=== Task instructions ===
Could you transcribe exactly the lines from the one containing "Schematic representation of" through the last line of the records below, leaving out the pictures?

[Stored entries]
_ _ _ _

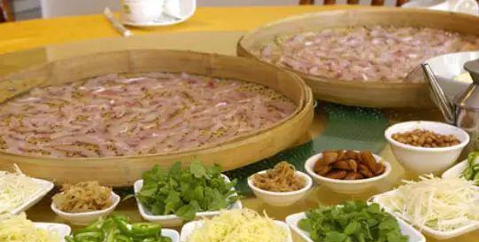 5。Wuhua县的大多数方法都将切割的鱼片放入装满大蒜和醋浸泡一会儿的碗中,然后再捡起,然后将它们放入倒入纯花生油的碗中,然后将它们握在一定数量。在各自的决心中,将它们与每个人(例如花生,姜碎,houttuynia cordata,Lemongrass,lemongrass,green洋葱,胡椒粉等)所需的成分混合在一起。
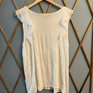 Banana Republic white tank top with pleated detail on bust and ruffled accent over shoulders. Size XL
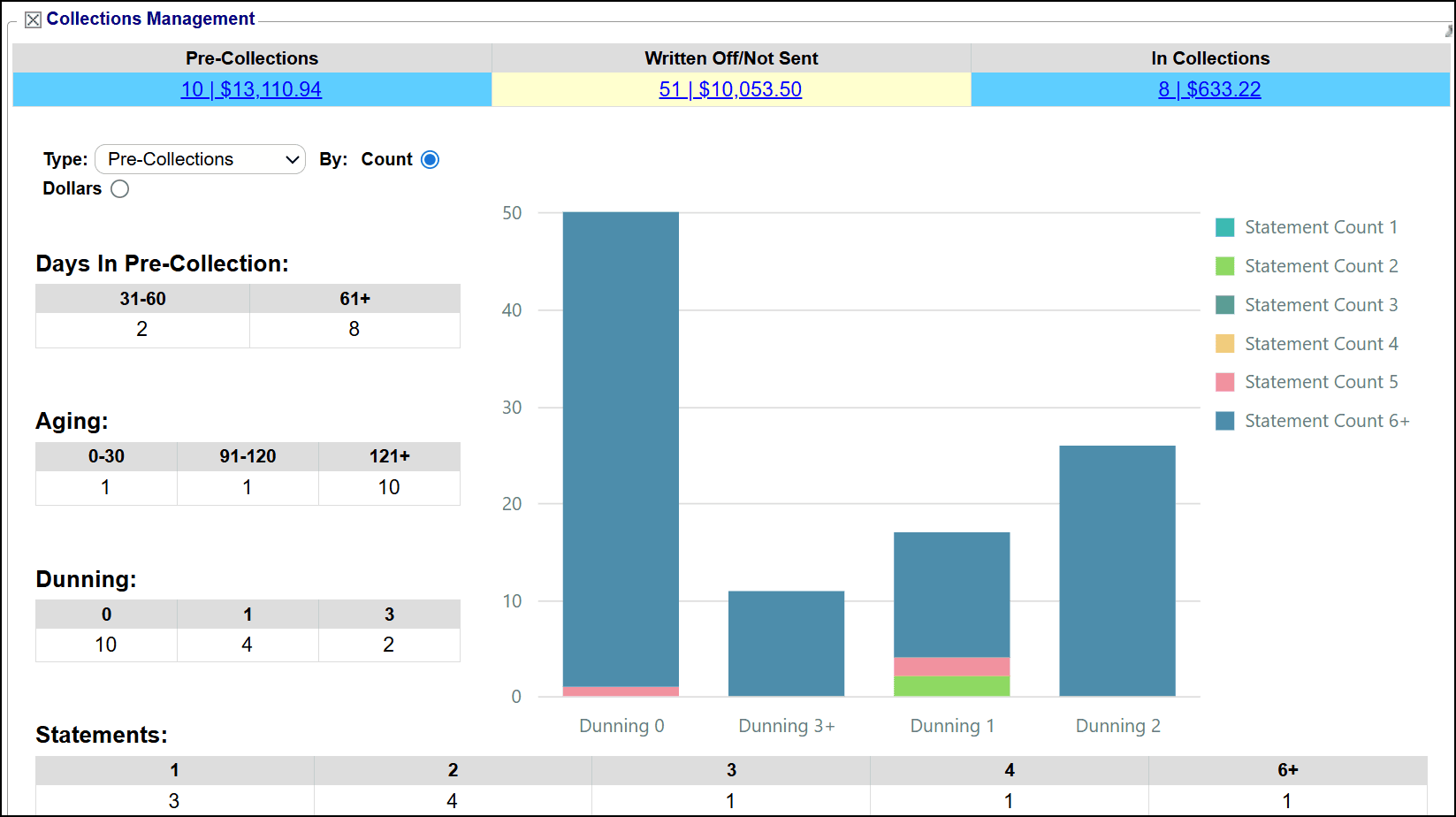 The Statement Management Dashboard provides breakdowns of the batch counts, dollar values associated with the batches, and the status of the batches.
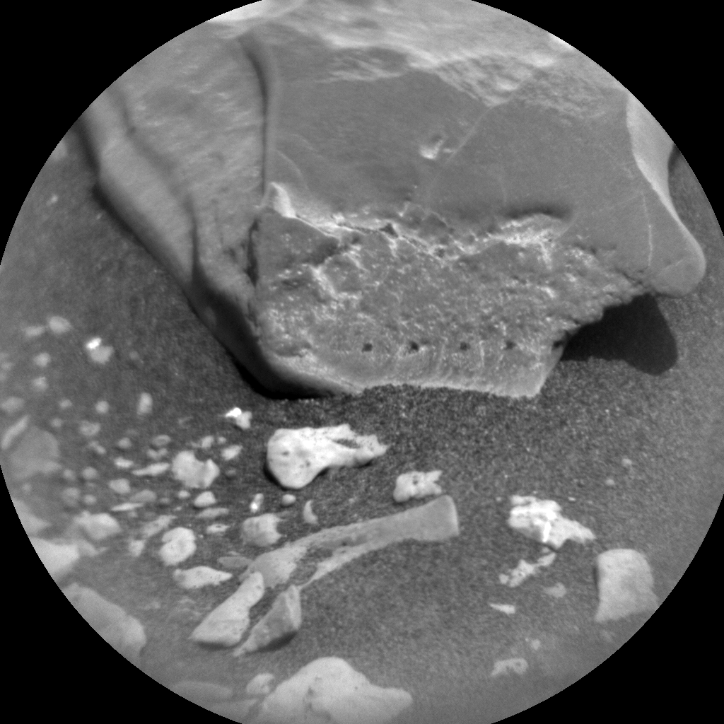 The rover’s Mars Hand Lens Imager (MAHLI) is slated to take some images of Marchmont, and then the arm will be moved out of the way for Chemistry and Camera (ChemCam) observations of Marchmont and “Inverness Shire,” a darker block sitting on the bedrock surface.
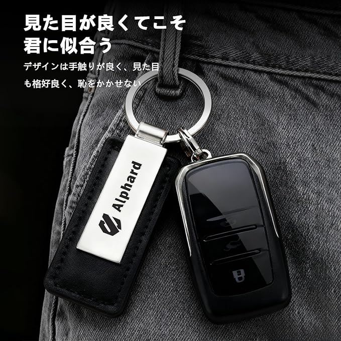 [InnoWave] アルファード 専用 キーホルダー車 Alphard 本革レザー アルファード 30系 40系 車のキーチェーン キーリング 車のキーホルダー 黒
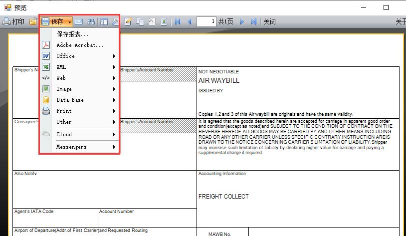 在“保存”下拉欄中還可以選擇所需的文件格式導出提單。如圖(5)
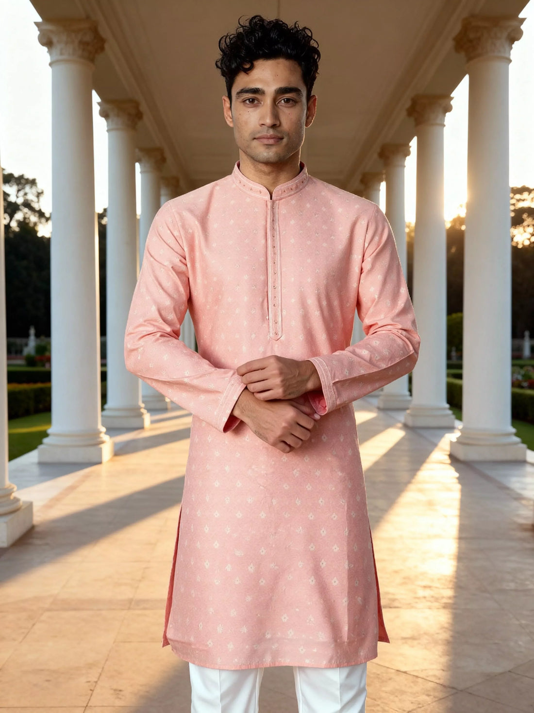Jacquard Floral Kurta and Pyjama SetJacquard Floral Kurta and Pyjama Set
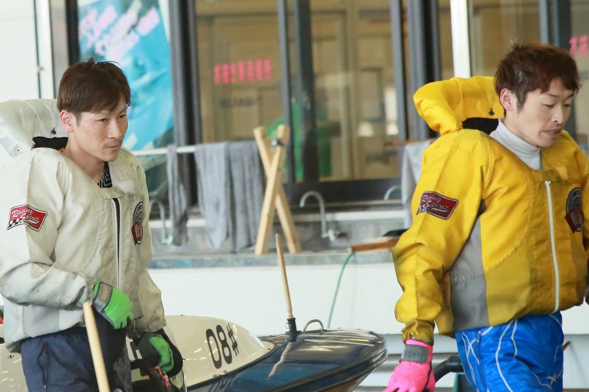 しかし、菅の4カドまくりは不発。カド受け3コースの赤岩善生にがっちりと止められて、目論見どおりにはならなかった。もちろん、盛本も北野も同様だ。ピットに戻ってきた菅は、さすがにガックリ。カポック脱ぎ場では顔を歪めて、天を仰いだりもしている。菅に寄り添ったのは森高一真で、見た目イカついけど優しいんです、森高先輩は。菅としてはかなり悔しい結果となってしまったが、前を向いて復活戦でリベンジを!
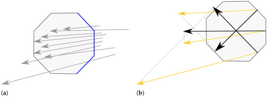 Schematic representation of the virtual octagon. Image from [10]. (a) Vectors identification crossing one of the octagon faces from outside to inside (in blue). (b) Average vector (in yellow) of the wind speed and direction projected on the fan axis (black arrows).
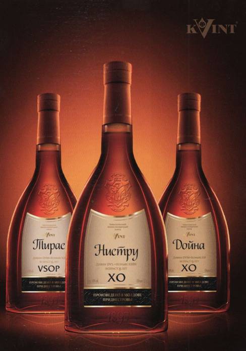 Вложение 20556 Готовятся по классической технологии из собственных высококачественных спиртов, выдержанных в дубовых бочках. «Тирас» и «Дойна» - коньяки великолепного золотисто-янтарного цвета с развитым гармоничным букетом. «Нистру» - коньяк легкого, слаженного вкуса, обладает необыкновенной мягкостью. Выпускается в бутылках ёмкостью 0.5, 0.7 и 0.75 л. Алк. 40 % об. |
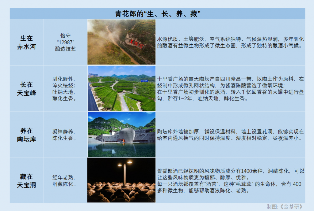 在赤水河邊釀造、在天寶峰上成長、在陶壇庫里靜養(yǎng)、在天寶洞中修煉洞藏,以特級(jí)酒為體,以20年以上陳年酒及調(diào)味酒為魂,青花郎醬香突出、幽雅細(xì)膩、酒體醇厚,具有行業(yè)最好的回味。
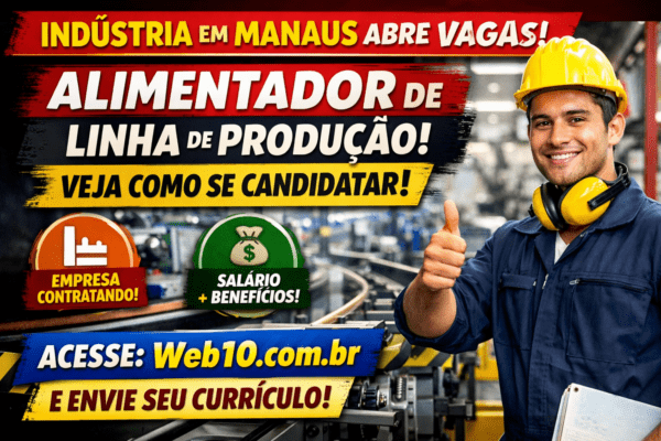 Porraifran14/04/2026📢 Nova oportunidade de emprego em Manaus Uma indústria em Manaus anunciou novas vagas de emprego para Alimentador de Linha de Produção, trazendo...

_ _ _ _

=== Your response ===
 Schematic representation of the virtual octagon. Image from [10]. (a) Vectors identification crossing one of the octagon faces from outside to inside (in blue). (b) Average vector (in yellow) of the wind speed and direction projected on the fan axis (black arrows).
 Вложение 20556 Готовятся по классической технологии из собственных высококачественных спиртов, выдержанных в дубовых бочках. «Тирас» и «Дойна» - коньяки великолепного золотисто-янтарного цвета с развитым гармоничным букетом. «Нистру» - коньяк легкого, слаженного вкуса, обладает необыкновенной мягкостью. Выпускается в бутылках ёмкостью 0.5, 0.7 и 0.75 л. Алк. 40 % об. |
 在赤水河邊釀造、在天寶峰上成長、在陶壇庫里靜養(yǎng)、在天寶洞中修煉洞藏,以特級(jí)酒為體,以20年以上陳年酒及調(diào)味酒為魂,青花郎醬香突出、幽雅細(xì)膩、酒體醇厚,具有行業(yè)最好的回味。
 Porraifran14/04/2026📢 Nova oportunidade de emprego em Manaus Uma indústria em Manaus anunciou novas vagas de emprego para Alimentador de Linha de Produção, trazendo...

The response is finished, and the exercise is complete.